Other than his absence for service in the Great War (WWI), Oldham lived on this property until late in his life. He died in 1960 at 90. Frank and Katherine raised four children, two sons born before the war and two daughters born after the war. The Oldhams became very involved in the community. Over the years, Frank was Justice of the Peace, Chairman of the Boy Scout Association at Mill Bay, President of the Shawnigan Farmer’s Institute on more than one occasion, President of the Malahat Branch of the Canadian Legion and was very involved in veteran’s affairs. He was a strong supporter of the Red Cross and instrumental in forming a local unit in 1939.  In addition, The Spring Flower Show at Shawnigan Lake, which for many years was under the auspices of the Farmers’ Institute, was largely arranged by a committee under Oldham’s Chairmanship. Both Oldhams were very involved with the local Anglican Community.

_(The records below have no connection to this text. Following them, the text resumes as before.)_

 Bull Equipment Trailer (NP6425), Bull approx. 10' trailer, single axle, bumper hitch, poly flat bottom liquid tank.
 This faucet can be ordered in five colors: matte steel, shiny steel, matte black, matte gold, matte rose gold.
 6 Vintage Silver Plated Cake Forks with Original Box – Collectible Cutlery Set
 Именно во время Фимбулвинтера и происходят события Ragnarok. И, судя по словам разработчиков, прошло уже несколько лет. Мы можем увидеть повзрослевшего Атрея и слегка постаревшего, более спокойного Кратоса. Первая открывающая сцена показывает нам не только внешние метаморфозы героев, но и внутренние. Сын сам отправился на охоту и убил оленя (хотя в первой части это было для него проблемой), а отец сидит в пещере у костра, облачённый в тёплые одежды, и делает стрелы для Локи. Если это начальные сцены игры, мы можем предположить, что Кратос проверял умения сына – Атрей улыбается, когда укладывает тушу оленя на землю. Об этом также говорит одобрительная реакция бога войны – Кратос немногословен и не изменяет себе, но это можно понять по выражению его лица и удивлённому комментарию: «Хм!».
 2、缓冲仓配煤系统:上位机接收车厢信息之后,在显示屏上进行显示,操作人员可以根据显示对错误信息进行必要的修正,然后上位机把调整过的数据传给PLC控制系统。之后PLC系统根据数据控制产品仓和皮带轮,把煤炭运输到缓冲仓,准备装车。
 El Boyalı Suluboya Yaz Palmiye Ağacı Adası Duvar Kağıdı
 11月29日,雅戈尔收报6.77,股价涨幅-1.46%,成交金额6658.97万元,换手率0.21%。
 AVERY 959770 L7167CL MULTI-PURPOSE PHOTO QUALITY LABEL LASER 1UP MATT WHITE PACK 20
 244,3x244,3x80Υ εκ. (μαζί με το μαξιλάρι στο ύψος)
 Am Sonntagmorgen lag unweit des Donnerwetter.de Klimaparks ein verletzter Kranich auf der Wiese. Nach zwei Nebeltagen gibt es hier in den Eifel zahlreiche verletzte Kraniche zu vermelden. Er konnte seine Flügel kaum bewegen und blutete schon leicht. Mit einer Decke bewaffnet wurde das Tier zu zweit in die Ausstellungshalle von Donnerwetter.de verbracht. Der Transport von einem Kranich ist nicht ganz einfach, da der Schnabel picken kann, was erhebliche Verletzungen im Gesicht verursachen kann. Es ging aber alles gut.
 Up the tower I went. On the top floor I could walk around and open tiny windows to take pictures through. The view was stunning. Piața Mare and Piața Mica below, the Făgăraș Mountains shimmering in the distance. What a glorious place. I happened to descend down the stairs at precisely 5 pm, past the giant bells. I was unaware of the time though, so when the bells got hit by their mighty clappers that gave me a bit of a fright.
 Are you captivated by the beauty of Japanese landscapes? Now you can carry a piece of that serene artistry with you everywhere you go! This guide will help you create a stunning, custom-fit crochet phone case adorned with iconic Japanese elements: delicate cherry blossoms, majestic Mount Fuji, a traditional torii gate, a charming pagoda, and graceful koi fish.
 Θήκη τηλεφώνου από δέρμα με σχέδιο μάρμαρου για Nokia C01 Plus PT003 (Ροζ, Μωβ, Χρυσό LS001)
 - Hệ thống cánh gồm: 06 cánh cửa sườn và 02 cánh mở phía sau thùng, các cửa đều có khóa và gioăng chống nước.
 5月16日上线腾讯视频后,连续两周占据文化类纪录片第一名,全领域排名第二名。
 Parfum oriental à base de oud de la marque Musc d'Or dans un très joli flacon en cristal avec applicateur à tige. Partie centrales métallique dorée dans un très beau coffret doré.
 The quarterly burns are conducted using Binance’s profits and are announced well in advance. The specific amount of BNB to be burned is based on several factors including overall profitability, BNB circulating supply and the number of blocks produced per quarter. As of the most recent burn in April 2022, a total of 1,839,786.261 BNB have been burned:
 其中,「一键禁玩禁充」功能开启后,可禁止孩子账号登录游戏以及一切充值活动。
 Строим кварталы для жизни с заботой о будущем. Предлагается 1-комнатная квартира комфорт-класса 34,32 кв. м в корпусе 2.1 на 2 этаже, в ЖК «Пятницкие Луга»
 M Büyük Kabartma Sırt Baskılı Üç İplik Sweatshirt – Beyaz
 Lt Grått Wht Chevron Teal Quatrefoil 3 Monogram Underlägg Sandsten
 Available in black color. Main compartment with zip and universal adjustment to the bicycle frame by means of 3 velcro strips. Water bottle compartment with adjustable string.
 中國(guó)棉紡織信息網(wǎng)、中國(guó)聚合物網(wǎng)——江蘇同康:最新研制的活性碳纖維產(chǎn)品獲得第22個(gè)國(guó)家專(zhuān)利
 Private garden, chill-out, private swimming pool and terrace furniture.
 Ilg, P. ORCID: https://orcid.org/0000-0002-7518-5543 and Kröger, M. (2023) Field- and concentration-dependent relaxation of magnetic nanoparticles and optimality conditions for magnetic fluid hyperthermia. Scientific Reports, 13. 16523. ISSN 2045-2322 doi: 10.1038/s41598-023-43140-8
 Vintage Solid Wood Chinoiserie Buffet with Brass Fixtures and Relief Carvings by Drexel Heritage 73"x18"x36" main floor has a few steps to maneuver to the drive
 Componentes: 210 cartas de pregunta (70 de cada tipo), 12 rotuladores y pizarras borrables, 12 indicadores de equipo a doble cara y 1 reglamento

It is hard to imagine that Frank Oldham had any spare time, but he is credited with introducing the game of badminton to Shawnigan in the old SLAA hall. He had played the game in India. He was also renowned for his garden produce, which always collected prizes at the Cobble Hill Fair.


Frank’s eldest daughter Frances, who was educated in the area as a child, went on to become an eminent Doctor. While she was working in Chicago, the US Federal Drug Administration hired her. During this time, she discovered the horrific effects of Thalidomide, a drug given to pregnant women to ward off morning sickness symptoms, and she fought hard to stop the approval of the drug. Due to her diligence, Thalidomide was not approved. Although many children were born with serious birth defects due to Thalidomide, Frances Oldham Kelsey was given credit, and multiple honours, for diverting a much larger tragedy. Frances Kelsey Secondary School is named in her honour.